GenSight Biologics Inc., (EURONEXT: SIGHT), Paris, France, have announced that their experimental GS010 treatment for LHON has completed enrollment in the company’s Phase III clinical trial. The Phase III study termed “RESCUE” is one of two parallel randomized, double-masked, controlled, multi-center pivotal trials designed to evaluate the efficacy of a single intravitreal injection of GS010 (rAAV2/2-ND4) in patientss affected by LHON due to the G11778A mutation in the mitochondrial ND4 gene. The study has enrolled 37 patients with an onset of vision loss of less than 6 months while a second trial (“REVERSE”), completed enrollment in February 2017 of 36 patients with an onset of vision of 7-12 months. Both studies are being conducted in seven centers in Europe and in the United States.
LHON has an estimated prevalence of 1 in 40,000 in Europe, and GenSight expects that 1,100 to 1,200 LHON patients will be seeking therapies for this disorder each year. The connection between LHON and mitochondrial DNA (mtDNA) arose following studies that reported a homoplasmic nucleotide transition from guanosine to adenosine at position 11778, resulting in an arginine-to-histidine substitution in ubiquinone oxidoreductase (NADH) subunit 4 (ND4) of the mitochondrial complex I. It is now known that the majority of LHON cases are associated with mutations in one of three mitochondrial genes that encode subunits of the same complex I of the mitochondrial respiratory chain. This complex I enzyme, containing 7 subunits encoded by mtDNA, is closely associated with the inner mitochondrial membrane, while a further 35 subunits, encoded by nuclear DNA, are imported into the organelle to facilitate specific steps of the respiratory pathway. Mitochondrial ND4 can only be translated inside the mitochondria (rather than on cytoplasmic ribosomes) as the TGA codon at amino acid 16 of the gene is read as tryptophan in the mitochondria but as a stop codon by the nuclear genetic code. An estimated 50% of LHON patients harbour the G11778A mutation and, as such, represent a significant patient population addressable with an ND4 gene therapy. The challenge in devising therapeutic strategies to tackle such mitochondrial disorders is to develop reliable delivery systems to transfer DNA into mitochondria by specially adapted techniques.
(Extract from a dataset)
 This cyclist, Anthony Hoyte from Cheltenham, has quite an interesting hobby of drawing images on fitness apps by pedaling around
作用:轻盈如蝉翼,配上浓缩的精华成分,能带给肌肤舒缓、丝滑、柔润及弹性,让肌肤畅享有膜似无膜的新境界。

According to the company, patient data collected at 78 weeks showed that a mean change of visual acuity from baseline in the treated eyes was -0.61 LogMAR (p<0.001), or a mean improvement of +30 ETDRS letters. Control untreated eyes in contrast were reported to have a mean change from baseline of -0.31 LogMAR (p=0.0866), or +15 ETDRS letters. The company has stated that such data indicates a treatment effect of +15 letters (p=0.11) in favor of treated worse-seeing eyes however, no peer-reviewed primary data has been made available to date. Commenting on the completion of Phase III enrolment, Dr. Mark Moster, MD, investigator in the study and neuro-ophthalmologist, Wills Eye Hospital, Philadelphia, Pennsylvania (USA), stated, “We are very excited to be part of the RESCUE and REVERSE trials with GS010. Safety and pharmacodynamics results seen in the Phase I/II study are particularly encouraging, and if confirmed in these Phase III trials, GS010 could be a potentially transformative treatment for LHON, and a fantastic hope for patients and their families.”